Work to be completed =
Drop every picture, then transcribe the remaining data exactly.

Supplied information =
»»
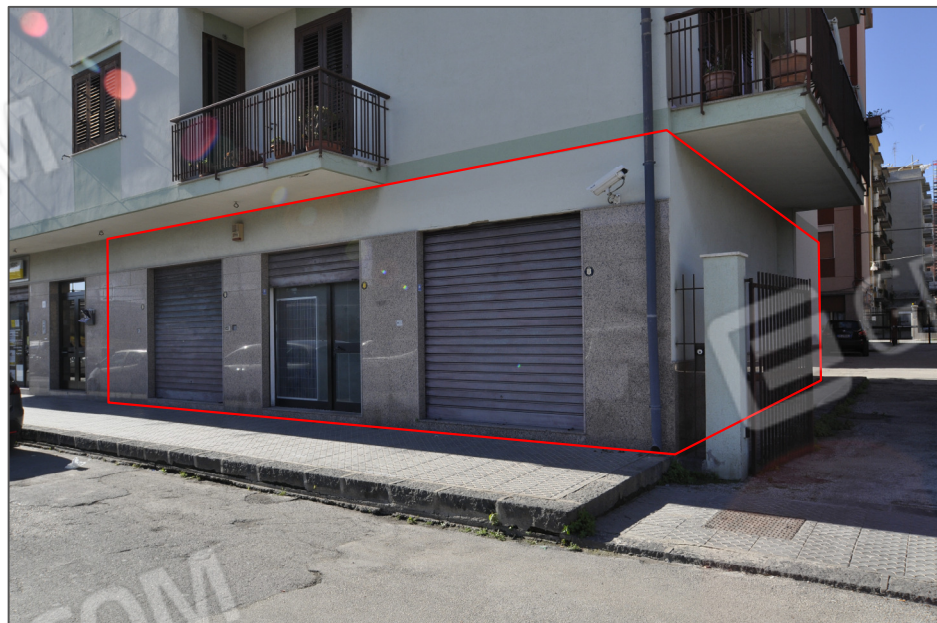
FOTO 1 - Vista esterna Unità Immobiliare -
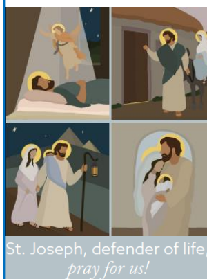
St. Joseph, defender of life, pray for us!

We live in a violent society that sees violence and death by abortion, euthanasia, suicide and capital punishment as a solution to many of our personal and societal "problems". And many of these attitudes are enshrined in our law and culture, leading to more
««
Response to the exercise =
FOTO 1 - Vista esterna Unità Immobiliare -
St. Joseph, defender of life, pray for us!

We live in a violent society that sees violence and death by abortion, euthanasia, suicide and capital punishment as a solution to many of our personal and societal "problems". And many of these attitudes are enshrined in our law and culture, leading to more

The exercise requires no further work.